Потемкин внезапно упал духом. Неоднократно выражая словесно и в письмах императрице, что «весьма нужно протянуть два года, ибо война прервет построение флота», он сам эту войну вызвал. Растерянность и отчаяние повергли его в жестокую гипохондрию. Екатерина из Петербурга сама начала руководить кампанией, побуждая возможно скорей переходить к действиям наступательным.
Гарновский, доверенный человек Потемкина, писал ему, что все его враги подняли голову и, так как они почитают одного светлейшего виновником нежеланной войны, то, замыслив против него «маленькое шиканство», [99]99
Дрязги, крючкотворство.
[Закрыть]уже чинят препятствия к новому набору рекрутов.
Императрица приказала наладить отменно скорее сообщение между столицей и ставкой Потемкина.
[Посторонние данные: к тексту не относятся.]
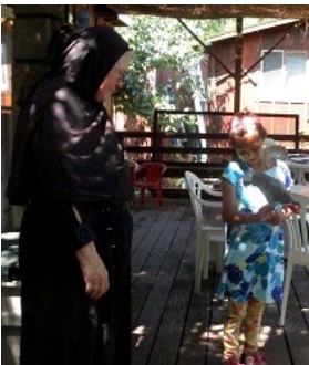
Sunrise is in there somewhere, we promise!
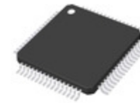
PIC18F67K22-I/PT Microchip Technology IC MCU 8BIT 128KB FLASH 64TQFP
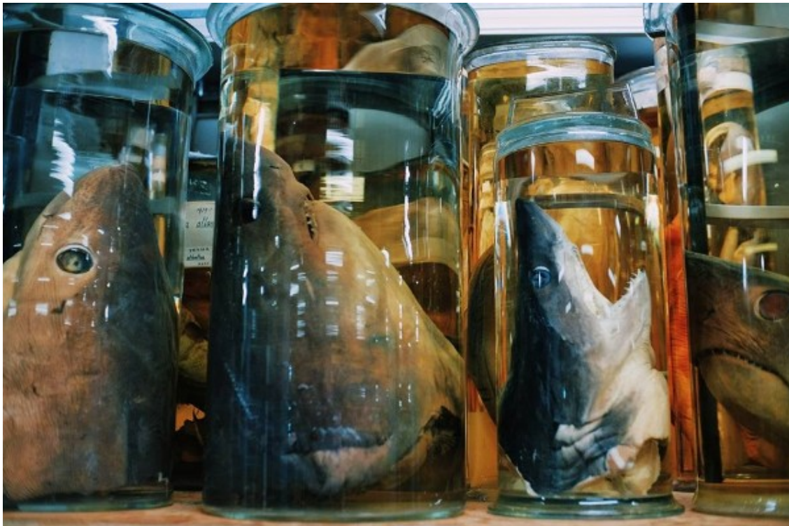
Shezad Dawood, Leviathan Cycle, Episode 1: Ben , production still, 2017, HD Video, 13' 30".

Для курьеров на каждой станции стояло по двенадцати лошадей. Но светлейший с донесениями медлил и в полном расстройстве чувств умолял разрешить ему оставить пост главнокомандующего, приехать в Петербург, «удалиться в частную жизнь, скрыться…» Екатерина вспыхнула, написала резкое письмо, которое начиналось словами:
«Я полагаю, что в военное время фельдмаршалу надлежит при армии находиться».
От посылки подобного письма удержал Екатерину Мамонов, фаворит, всем обязанный Потемкину. Он продолжал верить в его таланты и удачу, упадок духа считал временным, убеждал в том же и матушку.
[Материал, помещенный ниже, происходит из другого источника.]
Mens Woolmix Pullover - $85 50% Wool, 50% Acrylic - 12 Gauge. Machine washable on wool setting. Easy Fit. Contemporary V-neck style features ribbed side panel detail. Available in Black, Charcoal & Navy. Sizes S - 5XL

Наконец Потемкин, решаясь на встречу с турками в море, приказал контр-адмиралу Войновичу собрать флот и «произвести дело». Он потребовал в своем ордере атаковать флот турецкий, где бы его ни завидели, и во что бы то ни стало, хотя бы всем пропасть, но «должно показать свою неустрашимость к нападению и истреблению неприятеля».
Но фортуна решительно Потемкину изменила. Корабли застигнуты были страшной бурей, неистовствовавшей несколько дней, и детище его – флот севастопольский был разметан и поврежден.
Потемкин писал Екатерине:
«Матушка… корабли и большие фрегаты пропали, бог бьет, а не турки. Ей, я почти мертв, я все милости и имение, которое получил от щедрот ваших, повергаю к стопам вашим и хочу в уединении и неизвестности кончить жизнь, которая, думаю, не продолжится».
Екатерина отвечала в перепуге:
«Ради бога, не пущайся на сии мысли: когда кто сидит на коне, тот да не сойдет с оного, чтобы держаться за хвост».
В Петербурге шла борьба между сторонниками Потемкина и Румянцева. В совете говорили о том, что светлейший погорячился, дав флоту повеление выступать в море по такому времени, когда суда к выходу не способны. Слухи подхватывал город. Шептались всё громче, что звезда «князя тьмы» закатилась, что императрица его вызывает из армии и все командование вручено будет Румянцеву, под которым сейчас числится одна украинская армия.
Слухи были неправильны. Екатерина, верная своему самолюбию, с упрямой гордостью говорила:
– Честь моя и собственная княжья требует, чтобы он не удалялся в нынешнем году от армии, не сделав какого-нибудь славного дела… Хотя бы Очаков взяли! Ведь должно мне теперь весь свет удостоверить, что я, имея к князю неограниченную во всех делах доверенность, в выборе моем не ошиблась.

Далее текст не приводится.